Un recul de l’Etat quand le territoire hors la loi s’étend de plus en plus. S’amusant avec les frontières qu’elle enjambe allègrement comme les «coupeurs de route» qui commettent des forfaits ici pour ensuite se réfugier ailleurs, à l’abri de toutes poursuites, la coopération judiciaire étant inexistante dans la sous-région… Les frontières, en effet, prennent des «formes inédites» liées aux transformations socio-économiques contemporaines et aux impératifs de sécurité. Contradiction entre contrôle des flux migratoires – ériger des barrières pour protéger une patrie citadellisée voire paranoïaque – et facilitation des activités économiques, des échanges, pour des circulations libres en vue d’intégration[s] à l’ombre des labels, CEMAC et/ou CEEAC, qui suggèrent la construction de réseaux d’intérêts et d’identités. Interconnecter les territoires. N’djamena se dédouble sur Kousseri [utile pour la sécurité de la capitale tchadienne et comme base arrière]. Économie de passage. Suivant un cordon qui file de Blangoua jusqu’à la retenue du Lac de Maga. Kousseri banlieue de N’djamena. Tandis que Makary offre la meilleure position pour commander le dispositif de riposte aux menaces.

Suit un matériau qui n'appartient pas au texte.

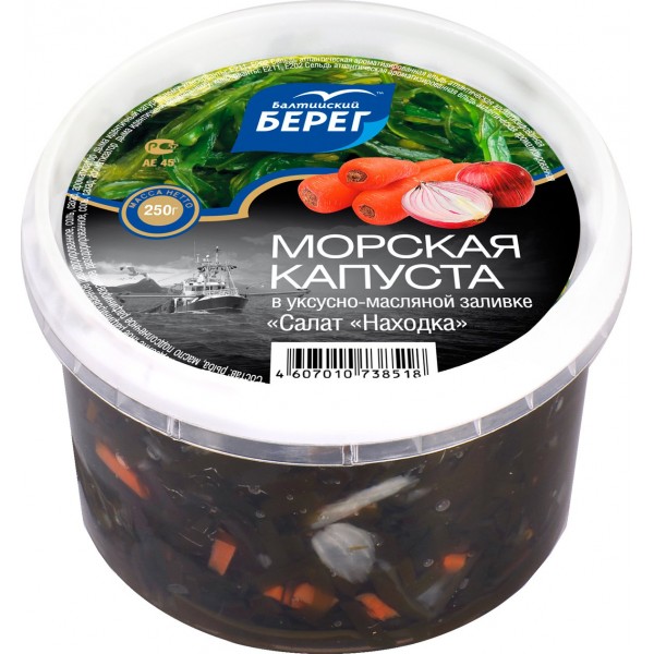 Морские водоросли (Laminaria japonica) резаные отварные маринованные, вода питьевая, овощи восстановленные (лук, морковь), масло подсолнечное рафинированное дезодорированное, соль, сахар, регулятор кислотности Е260, консерванты: Е211, Е202.

Les lettrés [car ils sont des patriotes] doivent contribuer à l’analyse pour évaluer les risques et menaces qui assombrissent les ciels insolents de quelques espaces péninsulaires ou autres zones transfrontalières. Et, sur les questions cruciales se rapportant à notre sécurité, exercer une revue critique des paradigmes afin de proposer, à ceux qui ont les armes pour métier, des référentiels refondés. Quand la confrontation avec des escouades de «pirates » ou des bandes de «coupeurs de route» impose des réalités technico-opérationnelles nouvelles [la seule matière militaire – comprise autour de l’organisation de l’affrontement – ne suffisant plus face à de nouveaux adversaires dont la structure organisationnelle repose sur des réseaux éclatés et imbriqués dans la population]. Quand les éléments hostiles ont le déplacement pour atout. Dans les jachères soustraites à l’autorité républicaine. Par-delà les limites nationales. Quand les désordres dramatiques qui chahutent la sous-région génèrent, inquiétantes, hideuses, explosives, des collusions identitaires, claniques, néo-tribales. Il convient de penser une autre doctrine. Pour un meilleur contrôle des territoires disputés [avec un quadrillage du terrain par des battlegroups/groupements tactiques pouvant opérer des solutions non exclusivement militaires et des moyens adaptés, notamment un soutien et un appui aéromobiles. Pour une recherche du renseignement en profondeur [avec un reformatage des unités de type BSA ou Copalco]. Et d’adapter les éléments de sécurité aux frontières et zones de contact, en orientant les missions de ses forces de défense… avec des moyens adéquats pour le déplacement des unités et l’appui aérien tactique. En mer, pour la lutte contre la piraterie, sur terre, dans la zone forestière, pour contrecarrer la contrebande et sécuriser les déplacements licites de personnes et de marchandises, vecteurs d’une intégration régionale, dans la zone sahélienne enfin pour faire la chasse aux «coupeurs de route» et aux rapteurs d’enfants qui inquiètent les populations des provinces de l’Est et de l’Adamaoua, au Cameroun… La posture n’est pas défensive. Car il ne saurait y avoir de développement sans sécurité.